Problem statement → Take the entries below and print, exactly, the stretch from the line containing "クーポンも太っ腹で、初回登録" through the line containing "Vau! Sinisellä musteella", both included.

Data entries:
.....

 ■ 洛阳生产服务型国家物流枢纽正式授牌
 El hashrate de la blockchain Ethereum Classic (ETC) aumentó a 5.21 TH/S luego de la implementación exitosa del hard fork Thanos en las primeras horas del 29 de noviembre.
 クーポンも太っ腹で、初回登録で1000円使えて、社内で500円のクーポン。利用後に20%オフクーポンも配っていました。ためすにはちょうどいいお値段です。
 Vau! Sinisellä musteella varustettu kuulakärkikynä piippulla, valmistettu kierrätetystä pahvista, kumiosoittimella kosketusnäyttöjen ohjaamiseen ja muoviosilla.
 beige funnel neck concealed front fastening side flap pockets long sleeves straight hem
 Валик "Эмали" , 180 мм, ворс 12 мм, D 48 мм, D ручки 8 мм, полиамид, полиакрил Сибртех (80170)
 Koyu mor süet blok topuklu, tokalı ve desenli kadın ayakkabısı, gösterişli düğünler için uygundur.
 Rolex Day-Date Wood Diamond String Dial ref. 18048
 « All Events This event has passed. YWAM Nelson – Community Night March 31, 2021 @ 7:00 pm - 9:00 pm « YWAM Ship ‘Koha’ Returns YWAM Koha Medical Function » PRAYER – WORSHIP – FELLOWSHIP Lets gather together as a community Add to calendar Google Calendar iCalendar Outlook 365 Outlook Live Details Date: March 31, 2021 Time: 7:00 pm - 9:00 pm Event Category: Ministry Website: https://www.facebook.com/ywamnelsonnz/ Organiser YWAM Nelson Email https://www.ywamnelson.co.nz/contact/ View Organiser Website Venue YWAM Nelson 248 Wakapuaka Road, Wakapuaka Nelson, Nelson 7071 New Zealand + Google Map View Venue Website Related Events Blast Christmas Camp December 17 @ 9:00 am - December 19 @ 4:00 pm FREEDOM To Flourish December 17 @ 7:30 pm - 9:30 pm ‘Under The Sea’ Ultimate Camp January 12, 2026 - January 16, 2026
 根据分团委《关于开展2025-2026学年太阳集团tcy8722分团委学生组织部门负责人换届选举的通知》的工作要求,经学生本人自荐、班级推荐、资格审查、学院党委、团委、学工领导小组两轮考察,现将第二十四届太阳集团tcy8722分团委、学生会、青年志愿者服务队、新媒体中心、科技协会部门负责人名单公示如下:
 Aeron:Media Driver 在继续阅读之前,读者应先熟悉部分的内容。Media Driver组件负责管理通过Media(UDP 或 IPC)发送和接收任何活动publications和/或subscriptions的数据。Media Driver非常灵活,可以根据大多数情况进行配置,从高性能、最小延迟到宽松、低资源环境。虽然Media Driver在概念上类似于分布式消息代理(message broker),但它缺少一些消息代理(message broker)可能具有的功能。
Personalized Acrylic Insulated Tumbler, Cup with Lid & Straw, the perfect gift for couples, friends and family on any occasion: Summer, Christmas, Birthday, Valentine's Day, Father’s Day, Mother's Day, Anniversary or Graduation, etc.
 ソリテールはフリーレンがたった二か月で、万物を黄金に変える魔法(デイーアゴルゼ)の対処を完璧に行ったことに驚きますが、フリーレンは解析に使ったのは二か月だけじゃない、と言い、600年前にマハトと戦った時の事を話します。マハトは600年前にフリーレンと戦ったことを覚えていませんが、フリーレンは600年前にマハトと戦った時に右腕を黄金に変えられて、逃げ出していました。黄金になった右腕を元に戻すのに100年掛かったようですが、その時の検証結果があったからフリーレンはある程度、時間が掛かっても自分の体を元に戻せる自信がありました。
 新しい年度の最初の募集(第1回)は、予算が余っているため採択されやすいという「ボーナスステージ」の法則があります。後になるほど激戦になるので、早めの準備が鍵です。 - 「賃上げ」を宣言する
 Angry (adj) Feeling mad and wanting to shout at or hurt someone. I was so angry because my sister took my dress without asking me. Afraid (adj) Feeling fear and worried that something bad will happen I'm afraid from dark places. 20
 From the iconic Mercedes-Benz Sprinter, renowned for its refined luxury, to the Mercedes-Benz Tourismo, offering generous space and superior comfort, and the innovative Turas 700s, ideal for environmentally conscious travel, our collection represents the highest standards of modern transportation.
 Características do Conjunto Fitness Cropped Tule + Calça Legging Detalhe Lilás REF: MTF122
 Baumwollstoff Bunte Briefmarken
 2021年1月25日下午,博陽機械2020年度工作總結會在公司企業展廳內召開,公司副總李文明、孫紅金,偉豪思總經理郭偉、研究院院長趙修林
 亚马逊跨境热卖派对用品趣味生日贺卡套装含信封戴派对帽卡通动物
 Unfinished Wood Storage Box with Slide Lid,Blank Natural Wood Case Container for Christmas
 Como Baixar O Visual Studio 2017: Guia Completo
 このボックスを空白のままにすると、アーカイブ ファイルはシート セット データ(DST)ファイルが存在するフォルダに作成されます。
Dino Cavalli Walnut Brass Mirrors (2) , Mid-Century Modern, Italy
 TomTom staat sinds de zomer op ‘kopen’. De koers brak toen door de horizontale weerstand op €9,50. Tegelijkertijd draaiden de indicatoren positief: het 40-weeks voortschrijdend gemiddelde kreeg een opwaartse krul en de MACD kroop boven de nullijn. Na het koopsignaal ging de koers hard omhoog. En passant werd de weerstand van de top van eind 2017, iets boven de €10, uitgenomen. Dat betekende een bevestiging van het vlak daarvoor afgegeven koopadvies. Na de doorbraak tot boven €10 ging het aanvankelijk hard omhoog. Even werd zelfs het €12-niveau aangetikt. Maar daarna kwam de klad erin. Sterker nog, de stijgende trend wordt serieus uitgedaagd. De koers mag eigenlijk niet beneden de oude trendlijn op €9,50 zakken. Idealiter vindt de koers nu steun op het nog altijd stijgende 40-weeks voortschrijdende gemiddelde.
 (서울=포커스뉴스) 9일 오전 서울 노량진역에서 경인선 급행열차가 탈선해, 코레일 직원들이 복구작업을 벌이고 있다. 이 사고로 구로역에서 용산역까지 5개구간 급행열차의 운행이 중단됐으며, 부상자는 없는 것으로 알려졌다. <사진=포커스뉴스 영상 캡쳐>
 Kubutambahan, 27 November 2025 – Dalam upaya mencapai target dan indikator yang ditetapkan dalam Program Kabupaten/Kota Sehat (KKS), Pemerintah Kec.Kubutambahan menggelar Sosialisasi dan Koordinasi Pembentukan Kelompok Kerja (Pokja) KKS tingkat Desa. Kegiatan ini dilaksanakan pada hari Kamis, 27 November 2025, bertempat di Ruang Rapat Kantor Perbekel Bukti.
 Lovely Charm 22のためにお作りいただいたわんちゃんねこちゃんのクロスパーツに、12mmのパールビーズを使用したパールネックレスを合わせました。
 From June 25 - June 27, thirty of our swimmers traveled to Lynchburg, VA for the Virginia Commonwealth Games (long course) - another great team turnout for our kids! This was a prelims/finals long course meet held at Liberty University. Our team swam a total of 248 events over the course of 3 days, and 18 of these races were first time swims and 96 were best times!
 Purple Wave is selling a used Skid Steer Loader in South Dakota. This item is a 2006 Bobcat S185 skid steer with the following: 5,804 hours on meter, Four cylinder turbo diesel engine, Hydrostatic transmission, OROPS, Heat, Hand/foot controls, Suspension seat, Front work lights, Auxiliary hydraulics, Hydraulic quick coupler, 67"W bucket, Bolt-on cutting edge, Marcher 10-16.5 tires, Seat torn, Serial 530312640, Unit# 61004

.....

Your response →
 クーポンも太っ腹で、初回登録で1000円使えて、社内で500円のクーポン。利用後に20%オフクーポンも配っていました。ためすにはちょうどいいお値段です。
 Vau! Sinisellä musteella varustettu kuulakärkikynä piippulla, valmistettu kierrätetystä pahvista, kumiosoittimella kosketusnäyttöjen ohjaamiseen ja muoviosilla.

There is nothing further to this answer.